After the Bay St. Louis “Krewe of Chicapoula” Mardi Gras parade wound its way through the city, huge crowds would gather in the gymnasium of the old high school (later to become Second Street Elementary) and the king and queen of Mardi Gras in Bay St. Louis would be crowned. Awards would be presented for best floats and costumes. Hundreds and hundreds of townspeople, young and old, packed into that old gymnasium every year. It was a much-anticipated annual event in downtown Bay St. Louis.
Veterans Day Parade
Every grade in every school, all the teachers, every school band and several college and military bands marched along with all of the American Legion and Veterans' posts. There would be thousands marching for this parade and it would end in a ceremony featuring speakers on the front steps of the Hancock County courthouse on Main Street. I recall that most often the weather was pristine — cool, crisp, sunny November mornings. It was all very exciting for me as a young kid. After it was over, students were dismissed early from school.
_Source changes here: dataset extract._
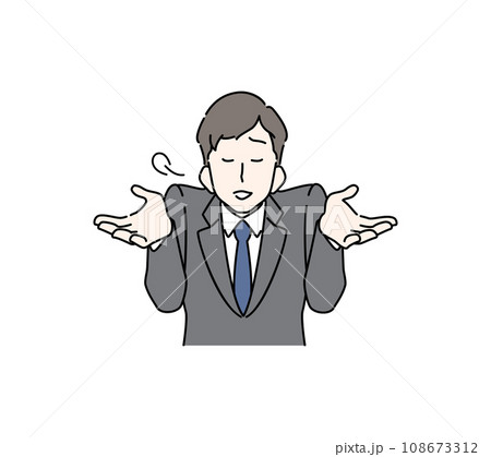 やれやれのポーズをする男性のイラスト(ビジネスマン、スーツ)

As kids, we were not unhappy about that!
Religious Parades and Celebrations
The thing that I remember most about this parade was Mr. Sam Compretta and his goat and cart. Every year Mr. Sam and his goat were in that parade! The goat and cart had something to do with the initiation of fourth degree Knights of Columbus. All I ever heard out of my dad was about some ritual of riding the goat! Mr.Sam was a fourth degree knight and along with my dad (Joe Benvenutti) and some others belonged to the statewide initiation team. They traveled all over the state on weekends initiating fourth degree knights. I think riding the goat was part of the initiation ritual. Really I think it was all a tall tale and just an excuse for all of these old guys to get away on the occasional weekend, drink and blow off steam with their friends and fellow Knights of Columbus.
The Bay St. Louis Centennial
The presentation was held at St. Stanislaus football stadium (this was in the days before Bay High had a football stadium) and took place over a period of three or four nights that week. Each night, a different period of time in the town’s history was presented in this live pageant.
There was some kind of special proclamation signed by the mayor, Johnny Scafide, declaring that all of the adult men in town had to grow facial hair for the celebration. If they didn’t and got caught, the violator could be tried in kangaroo court and placed in one of the head stocks that were constructed on the front lawn of the Hancock County courthouse. I remember that they would break raw eggs in the men’s hair and throw pies and things at them while they were in the head stocks. Then they would be thrown into a makeshift jail for an hour. Needless to say most men grew facial hair or left town temporarily until the pageant was over. Back at this time, men did not wear facial hair. You never saw beards and mustaches on men.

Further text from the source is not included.